初心者用Illustratoの使い方講座

Illustratorでテキスト連結する方法【プロの裏技暴露】

投稿日:2008年4月19日 更新日:

Illustratorのテキストボックスをテキスト連結でつなげる方法

前回、Illustratorのテキストボックスの「オーバーフロー(文字あふれ)」についてご紹介しました。

下の画像で上の部分(青い囲い)に入っている文字が「テキストボックス内に入っている文字」です。

Illustrator

その下にある「枠線」のない「テキスト」がポイント文字(ポイントテキスト)と呼ばれる状態の文字です。

ポイント

ポイントテキストとは・・・テキストボックスの外に存在させた文字のこと(バラバラにできるので、自由に大きさを変えたりデザインしたい文字に適しています)

 

Illustratorのテキストボックスのオーバーフロー

テキストエリアのテキストボックスの右側に赤い Illustrator オーバーフロー こんなマークが出る時があります。

ちばこちばお

テキストエリアに収まりきらない文字が、テキストボックスの中にまだありますよ!」というシグナルです。

これをオーバーフロー(あふれだし)といいます。

 

Illustratorのオーバーフローを別のテキストボックスに吐き出し連結させる方法

 Illustrator オーバーフロー このマークをクリックすると、収まりきらないテキストを、別のテキストボックスに送り出すことが出来ます。

受け皿になる、テキストボックスを先に用意してから、マークをクリックしてその、連結先になるテキストボックスをクリックしてもOKです(テキストの続きが表示されます)。

 

またIllustrator オーバーフローマークをクリックしてから、画面の他の場所を適当に「ワンクリック」してもOKです(新しいテキストボックスが自動生成されます)。

Illustrator テキスト連結

テキストボックスとテキストボックスが連結していることが見た目でわかりますね。

こうやって離れた場所のテキストボックスに文字を続けて流し込むことが出来ますので「長い文章」などを処理するに便利ですよ♪

 

Illustratorのテキスト連結の注意点

Illustrator以外にも、文字をテキストボックスで扱うクォークエクスプレスや(※ 古いDTPの組版ソフト)のデータをInDesign(インデザイン)にコンバート(変換)すると、同じフォント(書体)であったとしても、オーバーフローが発生することがあります。

「段落スタイル」など様々な細かい設定の違いがあるため頻発します。
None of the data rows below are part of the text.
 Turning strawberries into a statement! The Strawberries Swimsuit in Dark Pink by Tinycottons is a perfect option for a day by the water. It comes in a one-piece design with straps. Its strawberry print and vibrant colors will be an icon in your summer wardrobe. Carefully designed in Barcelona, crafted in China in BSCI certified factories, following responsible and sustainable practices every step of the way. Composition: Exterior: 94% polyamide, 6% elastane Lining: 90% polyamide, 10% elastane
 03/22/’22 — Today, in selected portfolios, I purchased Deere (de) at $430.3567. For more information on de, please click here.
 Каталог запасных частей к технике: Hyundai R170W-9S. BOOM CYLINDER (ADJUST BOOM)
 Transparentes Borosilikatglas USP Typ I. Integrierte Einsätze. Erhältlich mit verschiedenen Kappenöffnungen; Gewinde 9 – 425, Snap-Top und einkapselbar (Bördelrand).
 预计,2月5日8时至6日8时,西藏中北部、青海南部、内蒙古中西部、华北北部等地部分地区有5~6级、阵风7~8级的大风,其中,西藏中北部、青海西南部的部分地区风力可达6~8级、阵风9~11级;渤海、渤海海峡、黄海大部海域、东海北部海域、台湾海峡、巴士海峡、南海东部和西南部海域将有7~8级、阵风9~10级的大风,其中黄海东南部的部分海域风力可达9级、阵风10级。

その原因を根本から治すことができない場合は「手直し」で処理するしかなかったりします。

オーバーフローで文字の一部が非表示になると、意味不明の作品ができてしまいます。印刷物などの場合は問題(印刷事故原因)になりますので、オーバーフローには注意を払いましょう。

 

また、Illustratorは文字を大量に扱う場合、Illustratorだけで文字組版するのは非効率です。

 

文字組みはインデザイン、Illustratorはイラストや図の作成に特化させる

ページものなどを処理する場合もIllustratorで作成している会社が結構あります。しかし、テキストボックスで文字を扱う広告や書籍などのデータ作成はインデザイン、Illustrator、Photoshopの組み合わせによる作成がおすすめです。
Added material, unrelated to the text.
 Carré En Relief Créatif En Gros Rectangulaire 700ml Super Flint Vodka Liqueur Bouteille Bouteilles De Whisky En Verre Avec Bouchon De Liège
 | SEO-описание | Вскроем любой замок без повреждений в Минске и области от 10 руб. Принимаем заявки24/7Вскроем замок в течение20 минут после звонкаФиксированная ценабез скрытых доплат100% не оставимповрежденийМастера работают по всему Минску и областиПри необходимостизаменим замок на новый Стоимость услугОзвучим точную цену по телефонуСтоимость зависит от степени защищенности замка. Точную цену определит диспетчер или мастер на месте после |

Illustratorでの文字組みはあくまでおまけ的な機能です。それほど正確な文字組みはできませんし、成果物を量産するほど「なんでもイラレでやろうとすると非常に効率が悪い」状態になります。

「イラレテキスト連結スクリプト」なども存在しますが、バージョン間の互換性の問題などもあり、最悪一部バグって印刷事故の原因にもなりますのでまったくおすすめいたしません

ちばこちばお

イラレはイラスト、図形、製図、トレース、デザイン文字などの作成に機能が特化されています。テキスト関連の機能は基本で提供されている範囲で利用し、基本的にIllustratorはポイントテキストで作成するものと考えてください。
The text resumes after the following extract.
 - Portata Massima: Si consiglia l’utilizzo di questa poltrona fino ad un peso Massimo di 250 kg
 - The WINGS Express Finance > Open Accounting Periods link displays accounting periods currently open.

テキスト連結を使うものを作成する場合はインデザインに外部ファイルとして読み込み、組み合わせで成果物を作成するようにするほうがかえって効率的です。

ペラもので一度きりの広告を作るなどの場合は、Illustratorだけで作っても良いのですが、完成度の高いテンプレートを作成して何度も型枠としてデータを流用できるようにすると何倍も業務を効率化できます。

 

そもそも、『Adobeがなぜに、インデザイン、Illustrator、Photoshopとそれぞれソフトを分割して提供しているか?』と言えば、それぞれに長所短所があり相互に補うように設計されているからです。